The last issue of this newsletter (April 5, 2004, available at http://speaking.stanford.edu/ ) described several projects to address computer security weaknesses at Stanford, all under the aegis of Managed Host Security. The focus at present remains on Windows PCs, and two of those projects are now coming to maturity:

• A standalone utility for Windows 2000 and XP called Stanford Security Self-Help, which allows you very easily to apply (and "undo," if necessary) baseline security settings, is now available on the Essential Stanford Software (ESS) web site (http://ess.stanford.edu/). See "Security Self-Help Tool 2.1 for PCs Released" in this issue.

• A Windows operating system patch management service called BigFix that is now also available for download from ESS.

While the Self-Help tool was developed at Stanford, BigFix is a commercial product that is highly customizable to suit many different kinds of environments. The University has devoted significant resources to the architecture and deployment of the BigFix service for the campus community.

BigFix is funded centrally, and the BigFix client software is available to schools, departments, administrative units, and to anyone with a SUNet ID-all at no charge -just like Symantec AntiVirus.

The BigFix Enterprise Suite Patch Management Service
Maintaining the security of desktop and laptop computers in a very diverse, constantly changing, and largely unmanaged computing environment like we have at Stanford presents enormous challenges. Nearly everyone has learned over time about the importance of using good antivirus software and observing related safe practices, such as never opening suspicious e-mail attachments.

But just as important as antivirus software is operating system maintenance: when Microsoft releases critical security patches for Windows, it's very important that they be applied to all affected PCs. The large number of unpatched systems on campus last year was what made it possible for worms like Blaster to propagate themselves so efficiently.

The BigFix service involves the installation of a small software application on your PC-the "client" -which communicates with a centrally managed server. The server administrators, in close cooperation with local technical support staff, test all new security patches released by Microsoft, and then distribute them to PCs that have the BigFix software installed on them.

There's a great deal of information about this new service available on the Stanford web. Please see the BigFix home page:

http://patching.stanford.edu/

If you have questions about the service, be sure to look at the BigFix FAQ (Frequently Asked Questions). A link is provided on the home page.

What You Can Do
You may already be using Windows Automatic Updates, or regularly visiting the Windows Update web site, to keep your PC patched. Please install BigFix anyway, as a supplement, if you wish, to your existing practices. It's far more reliable than Automatic Updates, and provides significant extra assurance that your PC is always up-to-date.

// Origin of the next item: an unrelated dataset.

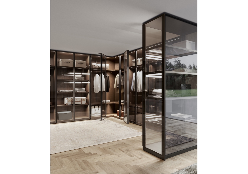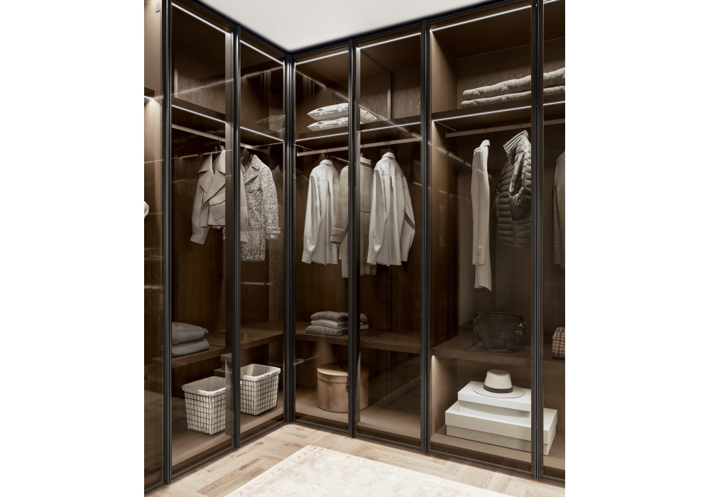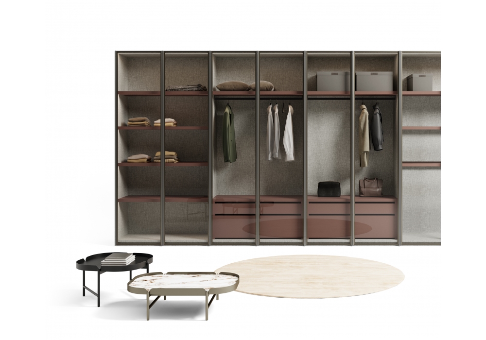 Glass Up conçue par Dall'Agnese est une armoire à portes coulissantes réalisée avec un cadre en aluminium peint et un verre trempé transparent gris, bronze transparent, tissu ou miroir. Les verres effet tissu sont obtenus en appliquant un film adhésif capable de recréer un effet similaire au tissu. Ouverture par poignée métallique intégrée dans le cadre.

Support staff in schools and departments who have begun deploying BigFix find that it makes their jobs much easier by enabling the preventive maintenance of computers with a speed and consistency that was impossible to achieve in the past.

BigFix project team members have visited all Stanford schools, as well as many other University organizations, in order to introduce the service and its benefits. If the team has not already contacted you, and you might be interested in using BigFix in your own area, please send email to big-fix-questions@lists.stanford.edu.

The project's goal is to involve as many as possible of the roughly 25,000 PCs attached to the campus network in the BigFix service. To accomplish such a worthy-if challenging -goal, the project needs your help. Please install the BigFix software on your own PCs, or those PCs you support, and help to get the word out that keeping Windows PCs patched (and so help to protect our open, academic network from viruses and hackers). Use BigFix.